The Act allows councils who ‘opt in’ to suggest new powers – including the ability to levy new taxes and institute subsidies – to the Government. A short list is drawn up by the Local Government Association from the proposals made by councils around the country, and the Government must respond to this short list with a view to instituting as many of the suggestions as possible, and justifying why any suggestions have been rejected. Proposals just have to be things that the Government can do and is not currently doing, which will advance the broad definition of sustainability.

Examples of potential new powers for councils include the ability to give rate relief to local businesses and social enterprises, the power to tax behaviours that damage the local or global environment and the possibility of removing obstacles to enterprise that exist in previous legislation, such as the various legal difficulties of establishing ‘feed-in’ electricity tariffs to encourage local generation of renewable energy.

The crux of the Act is that this process of making proposals must be carried out in collaboration with ‘panels of representatives of local people’ who must include people from under-represented groups – a perfect opportunity to consult beyond the usual suspects. Rather than the consultation being just another procedural stage that has to be completed, both sides have a duty to work together and reach an agreement.

The Act is interesting in legislative terms. Originating as a Private Members’ Bill. During the course of its passage, it gained all-party support and can now be seen, in some senses, as the flagship of the Government’s new local democracy agenda – being the first act to be passed and implemented that draws on councils’ new ‘duty to involve’ and the much-feted principle of ‘double devolution’.

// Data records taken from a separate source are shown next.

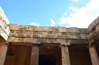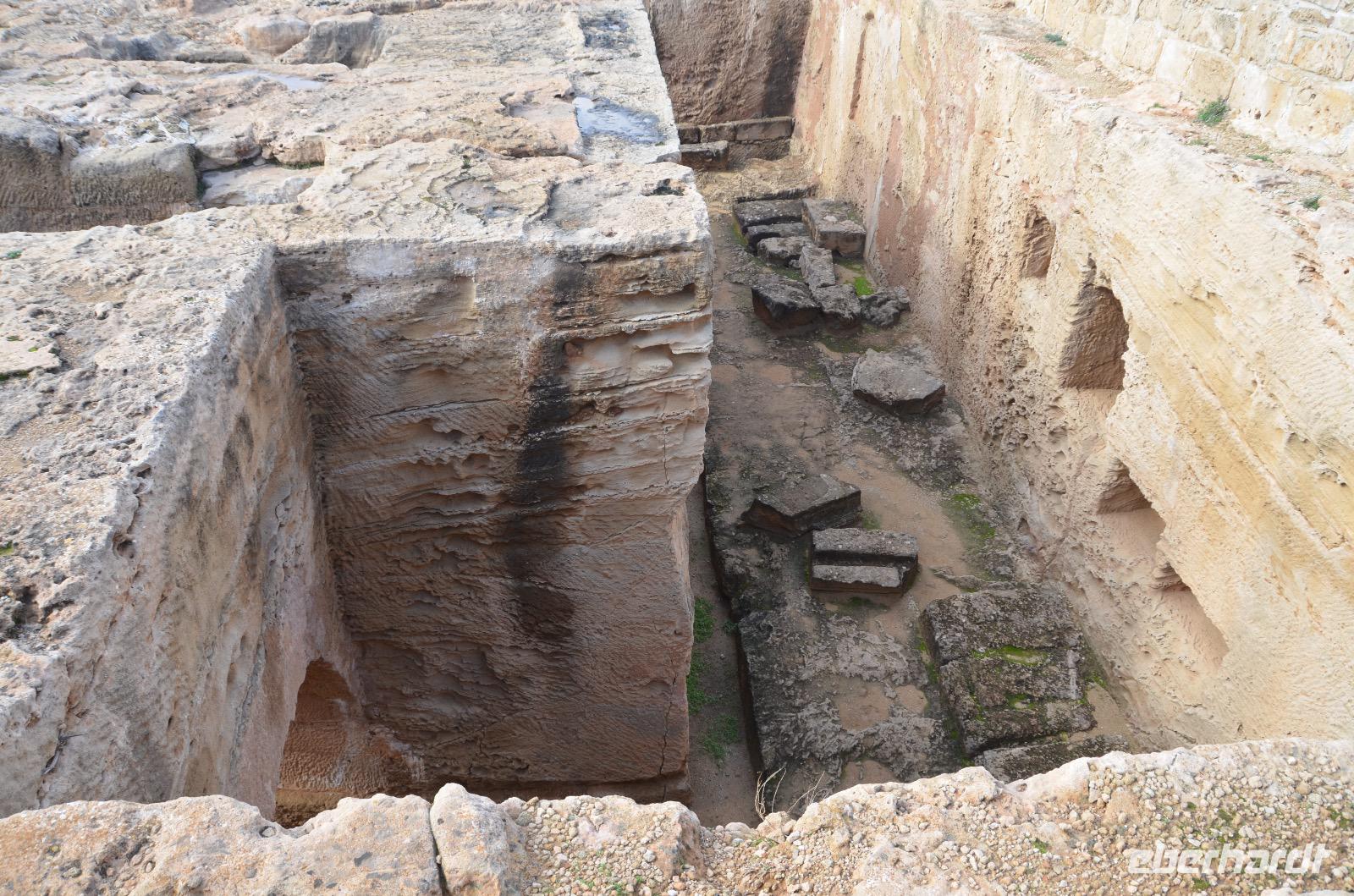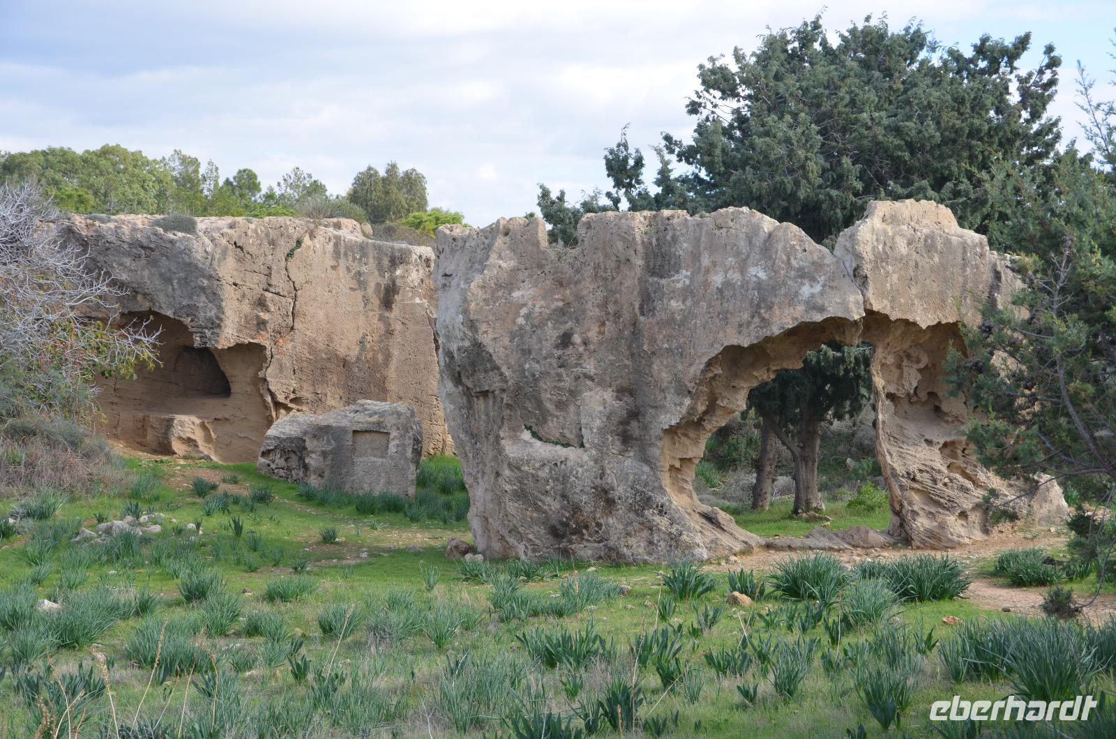 Nach einem kurzen Spaziergang zurück zum Bus, fuhren wir weiter zu den Königsgräbern. Unter den Johannisbrotbäumen probierten wir den süßen Weihnachtskuchen Melo Macaroni von Antonis. Frisch gestärkt liefen wir zu den Grabstätten. Sie wurden 400 v. Chr. erbaut. Auf der Insel gab es keine Könige. Der Name entstand fälschlicher Weise, da man glaubte, dass so prächtige Gräber nur für den Adel bestimmt gewesen sein können. Hier wurden aber bis 300 n. Chr. Beamte bestattet. Im 4. Jahrhundert nach Christus wurden die Gräber als Katakomben der Mönche genutzt. Später, ab dem 14. Jahrhundert nutzen die Menschen die in Stein geschlagenen Räume als Wohnraum und Ställe.
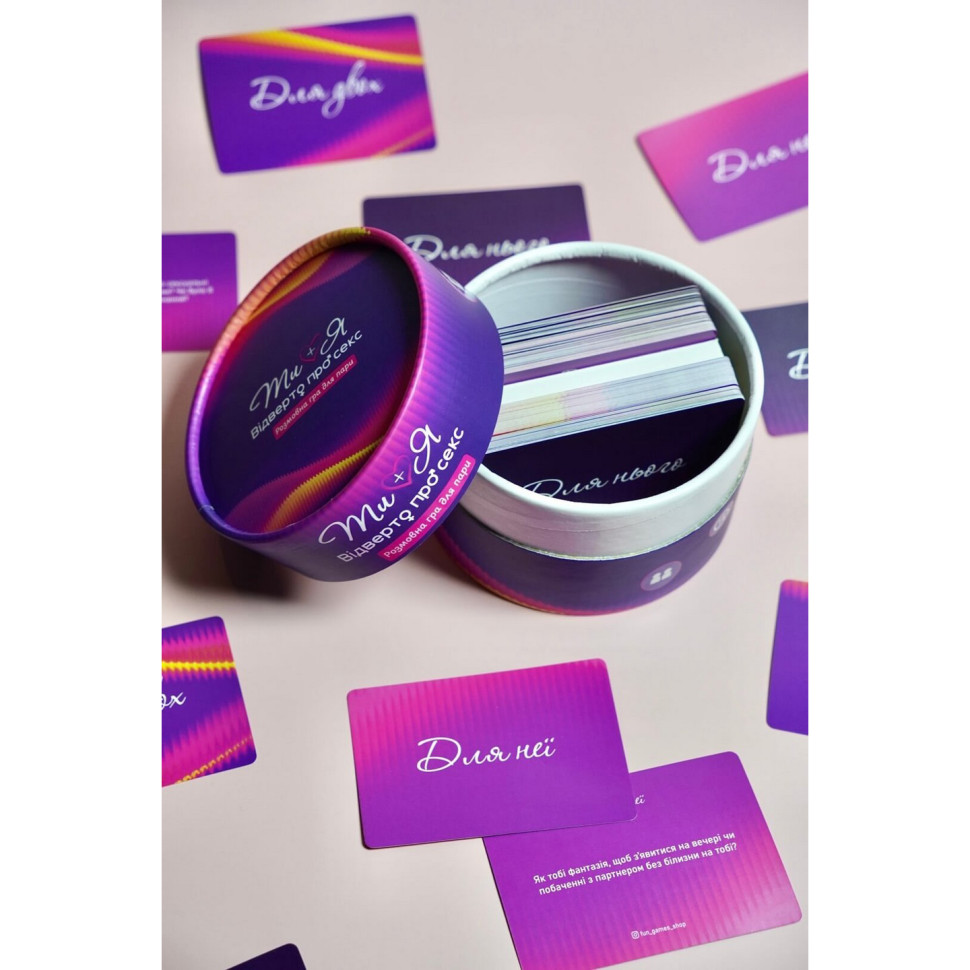 "Ти+Я: Відверто про секс" – це розмовна гра, розроблена у співпраці з сексологом, що стане в пригоді як парам, які вже давно разом, так і тим, хто лише починає будувати близькість. У будь-якому випадку на вас чекають приємні відкриття. Гра створює безпечну атмосферу, де можна сміливо ділитися найінтимнішим, тим, що справді хвилює, вабить і запалює — і бути почутим без осуду.
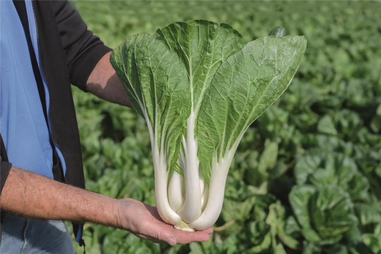 This large white-stem pak choi is very erect for easy packing into boxes. It is very attractive and uniform.
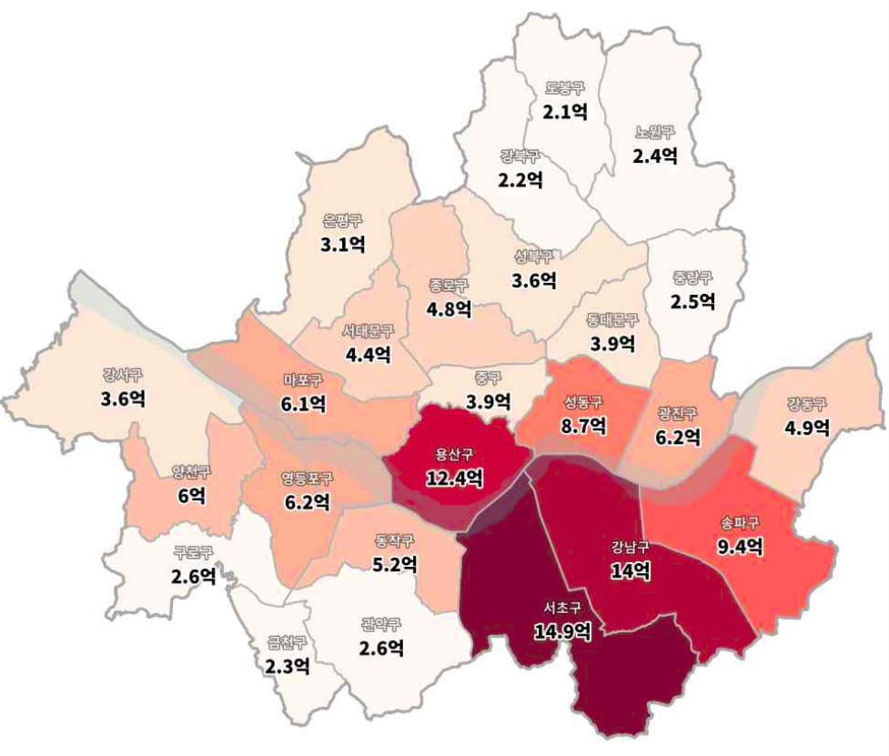 - 서초·강남·용산구는 10년간 평균 아파트 가격 상승액이 10억 원을 초과. 상승액이 가장 큰 서초구는 평균 가격이 14.9억 원 상승. 서초구 아파트 보유자는 연평균 1.5억 원의 자본이득 발생.
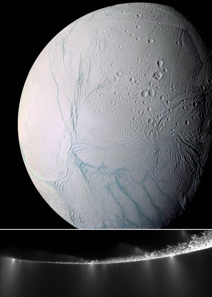 En 2005, la misión Cassini recogió imágenes de los penachos de vapor de agua, géiseres y fumarolas que expulsan vapor de agua desde su océano.
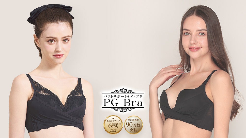 バスト専門のプロが徹底的にこだわり作成したオリジナルナイトブラ「PGブラ」シリーズ は、2024年5月12日時点で累計販売90万枚を突破しました。お客様のご要望に応えて誕生 した「PGブラノンワイヤー」も、発売開始から完売続きの人気商品です。ノンワイヤーで ありながら、「PGブラ」のホールド力や脇高設計をそのまま維持し、快適な着け心地と美 しいバストラインを提供します。PGブラシリーズは、バストケアに特化した設計と機能性 で多くの女性から愛されています。
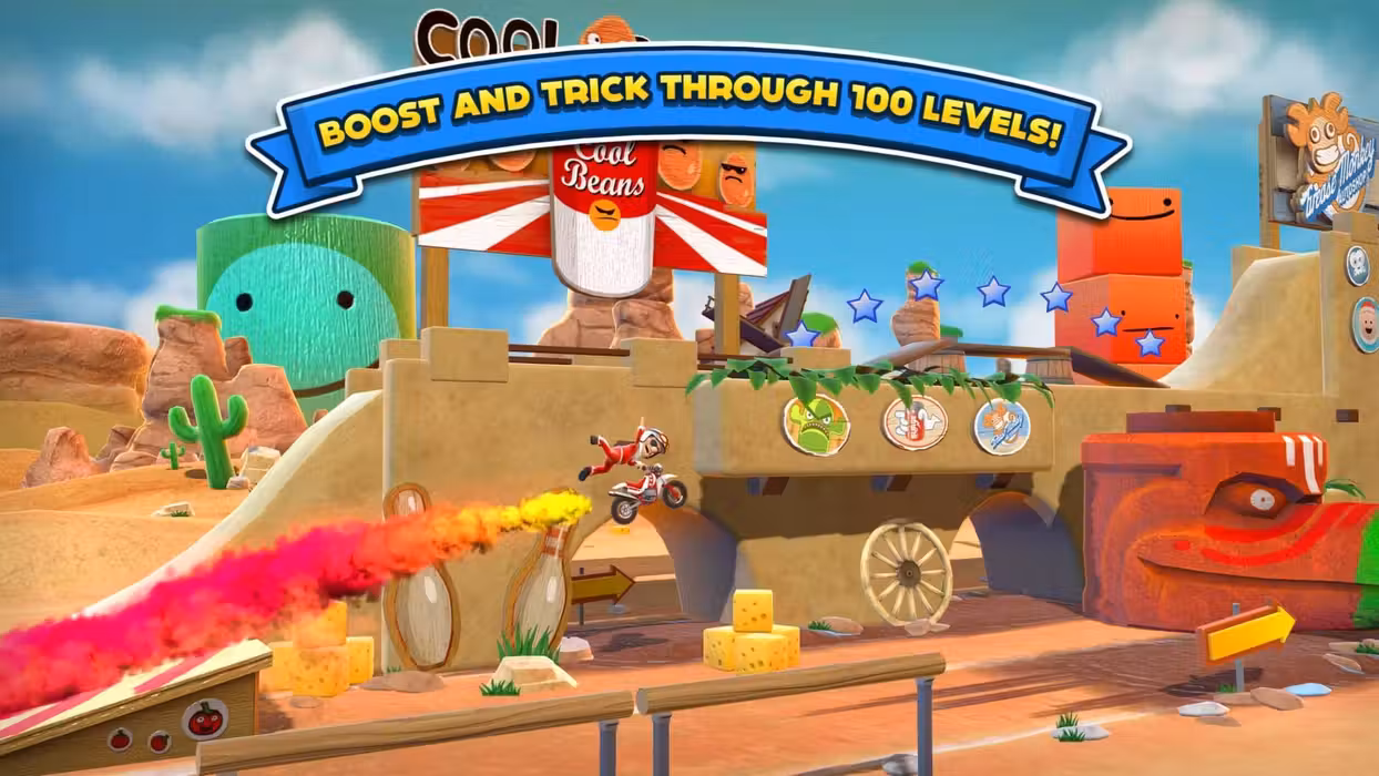 Can you put the world’s most determined stuntman back into the limelight? Combo, boost and pull ludicrous stunts as Joe attempts to race his way back into the record books in over 100 eye-popping levels. Leap school buses full of screaming kids and pools of ravenous sharks! Dodge spikes and mousetraps! Speed through coin dashes and beat Team Nasty in nip-and-tuck races! Take on and win the super-challenging Pro Medals in every level!
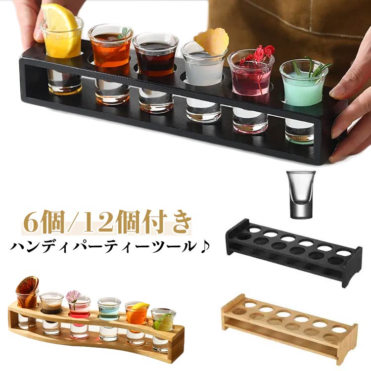 ショットグラスホルダー グラス 6個 12個 木製ショットホルダー 12 6 テキーラ ウォッカ ウィスキー パーティー用 レストラン バー
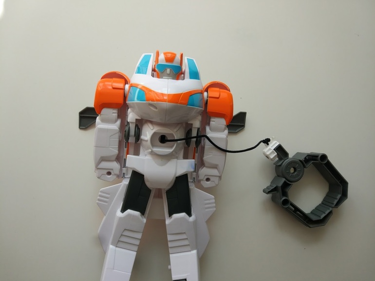 Владу больше понравился вертолет-робот, таскает его везде теперь, даже спит с ним. Этот робот самый большой из всех Владиных трансформеров (что уже половина успеха), к тому же у него прикольная клешня - если крутить винт она опускается и поднимается, и довольно цепко хватает другие игрушки. Так и уснул потом с вертолетом :)
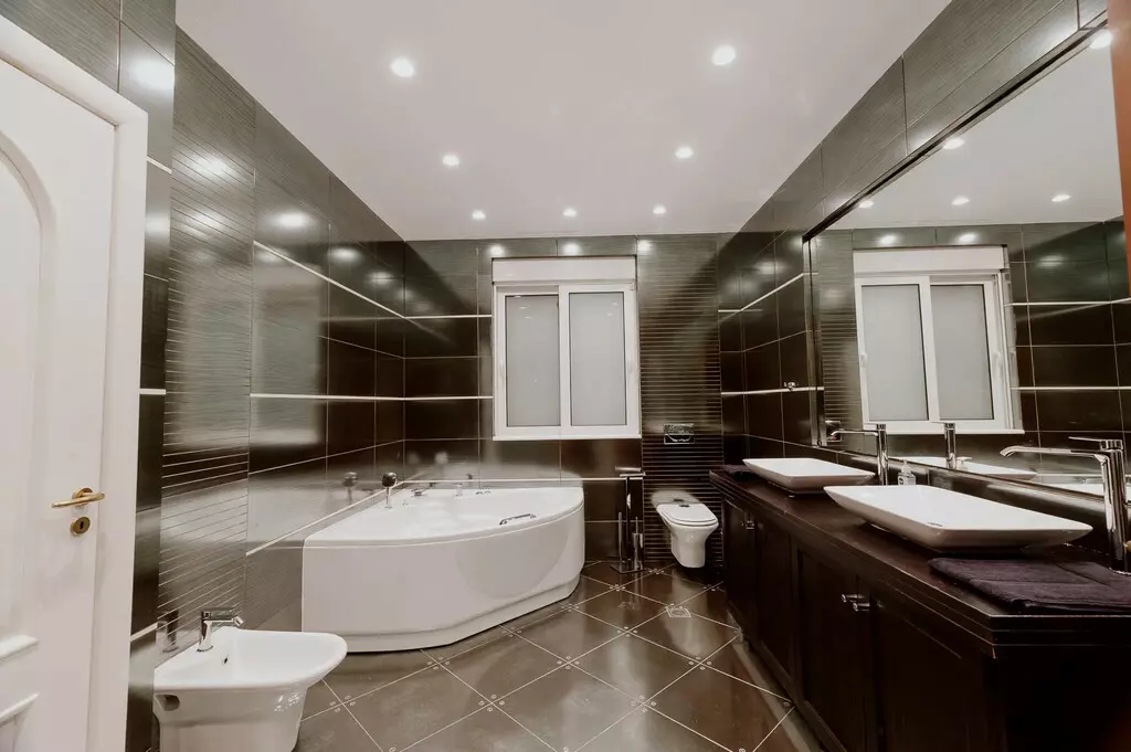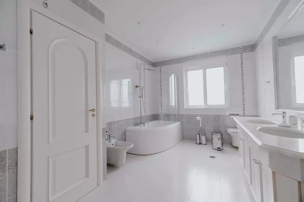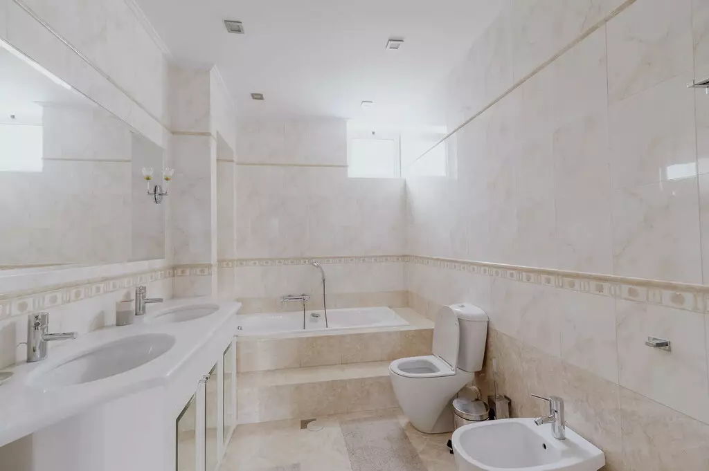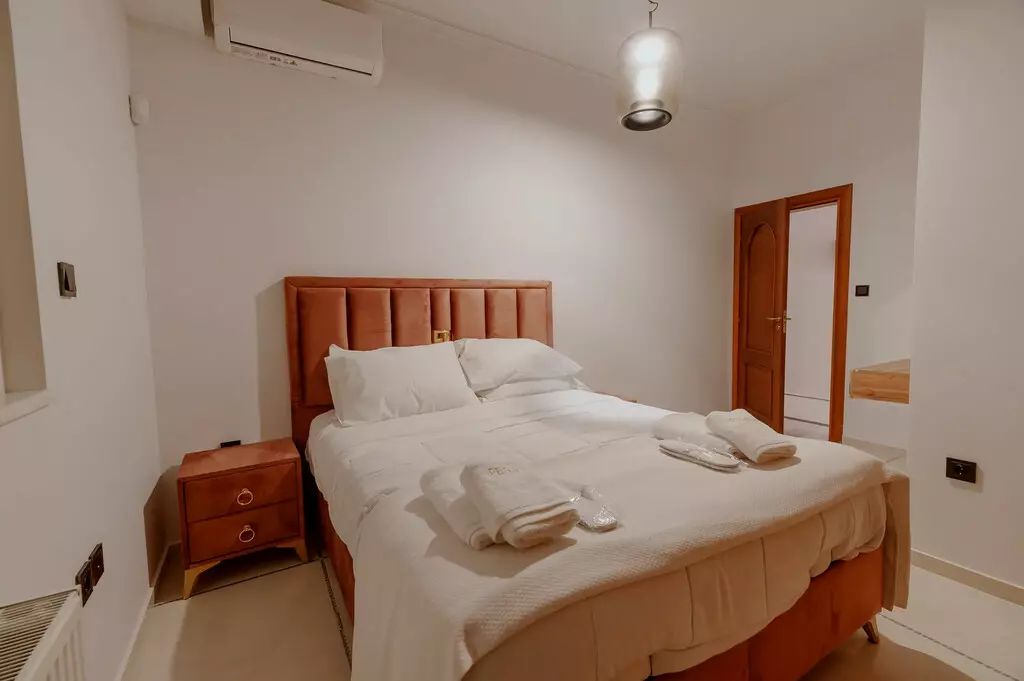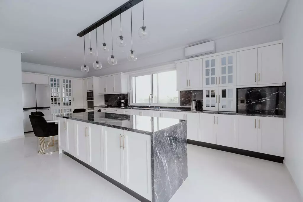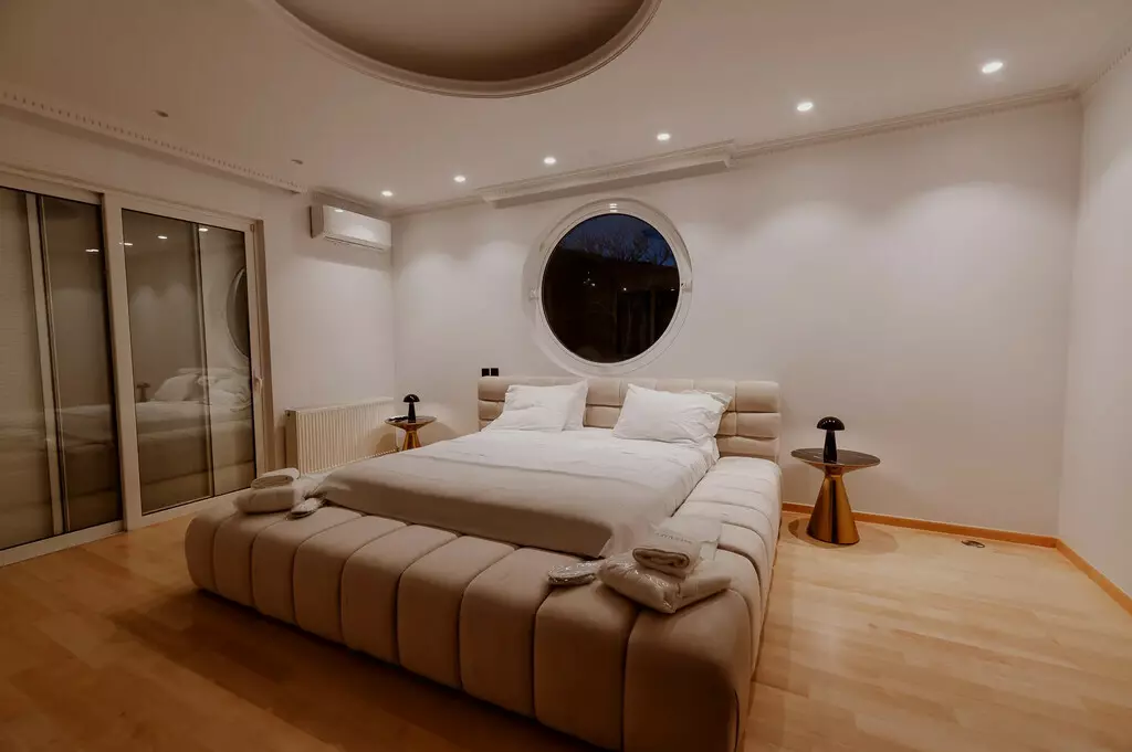 The basement of the villa comprises three bedrooms, one kitchen, and a shower room with a WC. This area is perfect for guests or extended family, offering private sleeping quarters and essential amenities.
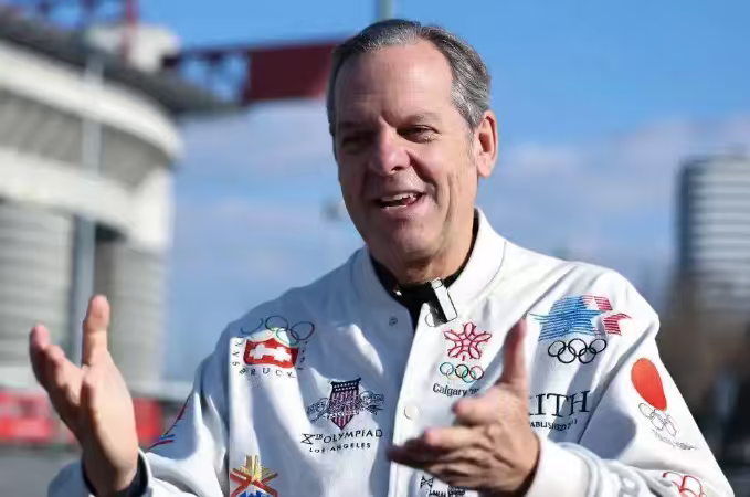 1月26日,米兰冬奥会开幕式创意团队负责人马尔科·巴利奇在意大利米兰的圣西罗体育场外接受新华社记者采访。米兰冬奥会开幕式将于2月6日在圣西罗体育场拉开帷幕。新华社记者 杜潇逸 摄

But in democratic terms, the Act could be even more interesting. The provisions for new local powers are underpinned by a radical provision for ‘opening the books’. For the first time, central government will have to publish accounts stating how much public money is spent in an area (by anyone – whether the council or a QUANGO), what it is spent on and which agency holds the budget. This clearly leads into proposals being made to the Secretary of State to transfer control of existing budgets to councils – bringing the money under democratic control.

The potential for stimulating local participation, encouraging people to become councillors, improving the sustainability and resilience of local communities is evident. But there are two crucial links that need to be forged and maintained – between councils and central government, and between communities and councils.

Communities will need to be convinced that this is more than another consultation exercise. This links to the need to improve knowledge and perceptions of local councils – a particular problem in economically deprived areas, but by no means confined to them. Councillors, officers and local people will need to be proactive in examining each others’ perceptions of how their town, borough and country actually run.

Meanwhile, these are uncertain times for governments to make promises, and there is particular concern from councils and activists around the need for new money to help councils carry out new functions – something that has been hinted at in various quarters, including the legislation, but never made completely clear.

There is a lot of engagement work to be done – recruiting the citizens’ panels and ensuring that their input is genuine and democratic, but also dispelling myths, promoting participation and advertising new powers that have been won.

The Sustainable Communities Act could be one of the most radical laws we have seen under this government, and TCC will be watching with interest.

For more information on the Sustainable Communities Act, and resources for making sure it is implemented in your community, see www.localworks.org

There is a public meeting on the Act in Parliament on the 10th of February, which should be a good opportunity to learn more and ask questions.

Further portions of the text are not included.